Correlation Between Kinetics Market and Wells Fargo

Specify exactly 2 symbols:
Can any of the company-specific risk be diversified away by investing in both Kinetics Market and Wells Fargo at the same time? Although using a correlation coefficient on its own may not help to predict future stock returns, this module helps to understand the diversifiable risk of combining Kinetics Market and Wells Fargo into the same portfolio, which is an essential part of the fundamental portfolio management process.
By analyzing existing cross correlation between Kinetics Market Opportunities and Wells Fargo Short, you can compare the effects of market volatilities on Kinetics Market and Wells Fargo and check how they will diversify away market risk if combined in the same portfolio for a given time horizon. You can also utilize pair trading strategies of matching a long position in Kinetics Market with a short position of Wells Fargo. Check out your portfolio center. Please also check ongoing floating volatility patterns of Kinetics Market and Wells Fargo.
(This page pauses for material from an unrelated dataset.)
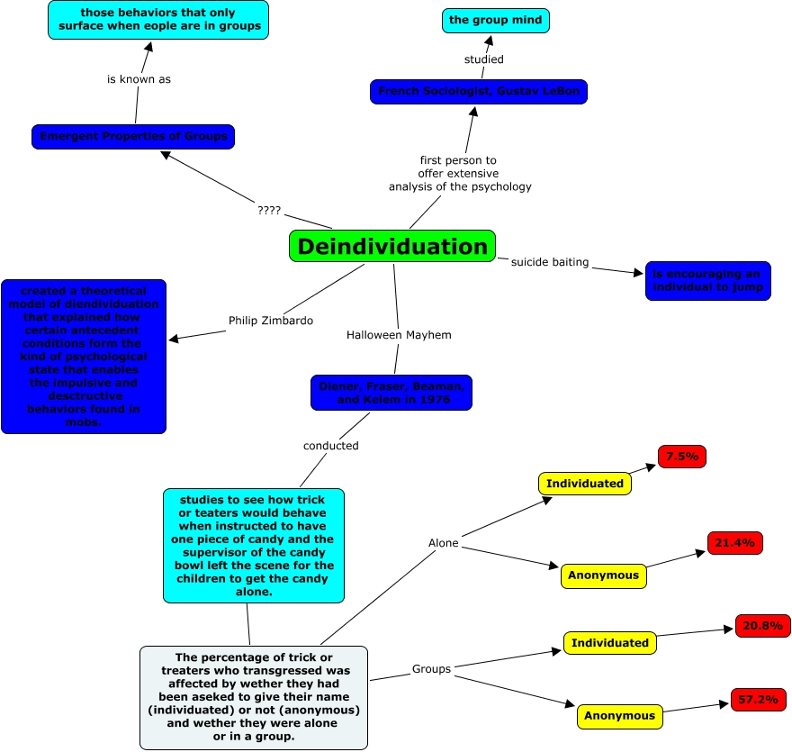 This Concept Map, created with IHMC CmapTools, has information related to: Diendividuation, Deindividuation first person to offer extensive analysis of the psychology French Sociologist, Gustav LeBon, Individuated ???? 20.8%, The percentage of trick or treaters who transgressed was affected by wether they had been aseked to give their name (individuated) or not (anonymous) and wether they were alone or in a group. Alone Anonymous, Deindividuation suicide baiting is encouraging an individual to jump, The percentage of trick or treaters who transgressed was affected by wether they had been aseked to give their name (individuated) or not (anonymous) and wether they were alone or in a group. Alone Individuated, Diener, Fraser, Beaman, and Kelem in 1976 conducted studies to see how trick or teaters would behave when instructed to have one piece of candy and the supervisor of the candy bowl left the scene for the children to get the candy alone., Individuated ???? 7.5%, French Sociologist, Gustav LeBon studied the group mind, studies to see how trick or teaters would behave when instructed to have one piece of candy and the supervisor of the candy bowl left the scene for the children to get the candy alone. ???? The percentage of trick or treaters who transgressed was affected by wether they had been aseked to give their name (individuated) or not (anonymous) and wether they were alone or in a group., Emergent Properties of Groups is known as those behaviors that only surface when eople are in groups, The percentage of trick or treaters who transgressed was affected by wether they had been aseked to give their name (individuated) or not (anonymous) and wether they were alone or in a group. Groups Individuated, Anonymous ???? 21.4%, Deindividuation Halloween Mayhem Diener, Fraser, Beaman, and Kelem in 1976, Anonymous ???? 57.2%, Deindividuation Philip Zimbardo created a theoretical model of diendividuation that explained how certain antecedent conditions form the kind of psychological state that enables the impulsive and desctructive behaviors found in mobs., Deindividuation ???? Emergent Properties of Groups, The percentage of trick or treaters who transgressed was affected by wether they had been aseked to give their name (individuated) or not (anonymous) and wether they were alone or in a group. Groups Anonymous

Diversification Opportunities for Kinetics Market and Wells Fargo

-0.37
  Correlation Coefficient

Very good diversification

The 3 months correlation between Kinetics and Wells is -0.37. Overlapping area represents the amount of risk that can be diversified away by holding Kinetics Market Opportunities and Wells Fargo Short in the same portfolio, assuming nothing else is changed. The correlation between historical prices or returns on Wells Fargo Short and Kinetics Market is a relative statistical measure of the degree to which these equity instruments tend to move together. The correlation coefficient measures the extent to which returns on Kinetics Market Opportunities are associated (or correlated) with Wells Fargo. Values of the correlation coefficient range from -1 to +1, where. The correlation of zero (0) is possible when the price movement of Wells Fargo Short has no effect on the direction of Kinetics Market i.e., Kinetics Market and Wells Fargo go up and down completely randomly.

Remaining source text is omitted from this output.